> **DATA EXTRACTS**
☆ ☆ ☆ ☆ ☆ ☆ ☆
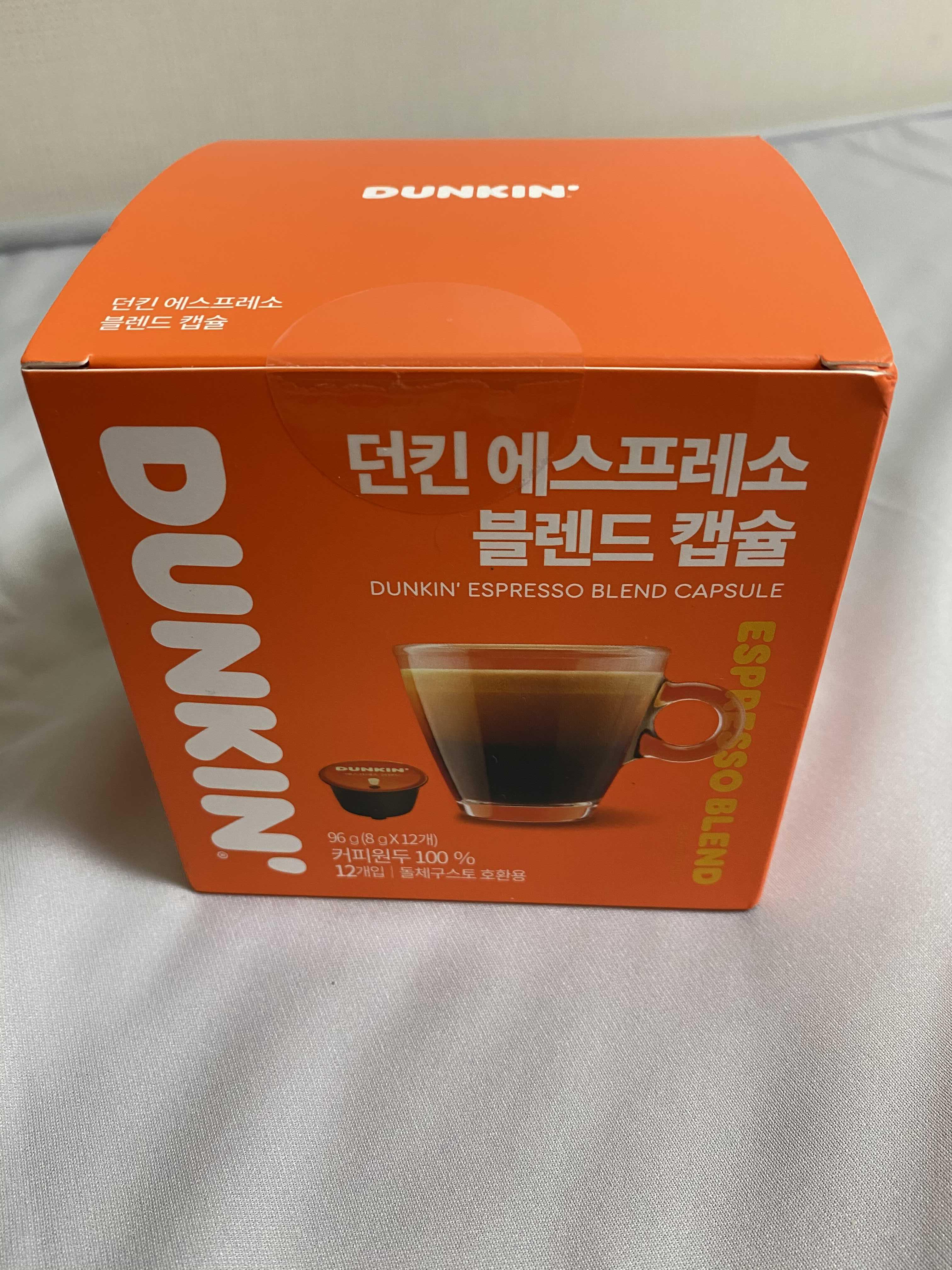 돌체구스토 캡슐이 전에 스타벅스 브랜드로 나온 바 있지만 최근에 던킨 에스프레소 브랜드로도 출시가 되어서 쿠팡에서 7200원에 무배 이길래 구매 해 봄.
☆ ☆ ☆ ☆ ☆ ☆ ☆
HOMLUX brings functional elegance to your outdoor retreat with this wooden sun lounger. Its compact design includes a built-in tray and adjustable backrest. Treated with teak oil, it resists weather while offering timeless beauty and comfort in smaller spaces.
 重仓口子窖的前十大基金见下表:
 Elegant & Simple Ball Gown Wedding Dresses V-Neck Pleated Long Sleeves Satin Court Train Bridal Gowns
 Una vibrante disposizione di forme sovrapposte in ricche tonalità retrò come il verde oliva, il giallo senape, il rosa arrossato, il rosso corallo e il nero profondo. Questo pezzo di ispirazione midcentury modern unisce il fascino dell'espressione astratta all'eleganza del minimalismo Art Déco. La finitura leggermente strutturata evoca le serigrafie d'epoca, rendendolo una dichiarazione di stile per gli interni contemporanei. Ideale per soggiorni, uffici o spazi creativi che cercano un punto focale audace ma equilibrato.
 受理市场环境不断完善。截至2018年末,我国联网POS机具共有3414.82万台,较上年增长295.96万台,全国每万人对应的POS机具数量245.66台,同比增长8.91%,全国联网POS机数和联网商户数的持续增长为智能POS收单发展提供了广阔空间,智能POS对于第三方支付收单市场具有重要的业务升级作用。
☆ ☆ ☆ ☆ ☆ ☆ ☆
> **EXERCISE**
Of the entries above, repeat exactly the lines between the line with "Elegant & Simple" and the line with "Una vibrante disposizione", inclusive, and no others.

> **SOLUTION FOR THIS EXERCISE**
 Elegant & Simple Ball Gown Wedding Dresses V-Neck Pleated Long Sleeves Satin Court Train Bridal Gowns
 Una vibrante disposizione di forme sovrapposte in ricche tonalità retrò come il verde oliva, il giallo senape, il rosa arrossato, il rosso corallo e il nero profondo. Questo pezzo di ispirazione midcentury modern unisce il fascino dell'espressione astratta all'eleganza del minimalismo Art Déco. La finitura leggermente strutturata evoca le serigrafie d'epoca, rendendolo una dichiarazione di stile per gli interni contemporanei. Ideale per soggiorni, uffici o spazi creativi che cercano un punto focale audace ma equilibrato.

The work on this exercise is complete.